Refrigerated sauces are a delicious addition to a wide variety of dishes, from salads to fast foods and snacks. These foods offer great convenience and taste, but also pose challenges in terms of shelf life and food safety due to the pathogenic microorganisms that thrive in them.

In this blog, we will explore the types of refrigerated sauces along with the microbiological problems they face and the most common pathogenic microorganisms, potassium sorbate as a food preservative (it is one of the most commonly used chemical food preservatives) and finally, a clean label alternative to these chemical food preservatives currently on the market.

What types of refrigerated sauces are there?

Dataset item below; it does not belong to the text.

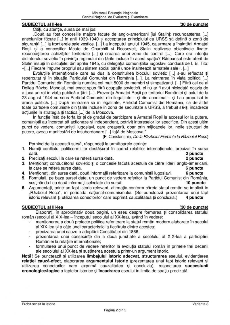 Subiecte Istorie Bac 2018. Sesiunea de toamnă

There are many types of refrigerated sauces that can be found in a wide variety of flavours and textures. Some common examples include mayonnaise sauce, mustard sauce, guacamole and many others. These sauces are popular because of their freshness and taste, but that same freshness also makes them susceptible to the growth of microorganisms.

We could classify the types of sauces according to the processes they have undergone:

  • Fresh
  • HPP
  • Pasteurised

Each of them suffers from a specific shelf-life problem, the freshest sauces spoil in a short time and are more vulnerable to pathogenic microorganisms, while the most treated products (HPP or pasteurised) lose their organoleptic freshness over time, which is why different food preservatives are used.

What are the microbiological problems with refrigerated sauces?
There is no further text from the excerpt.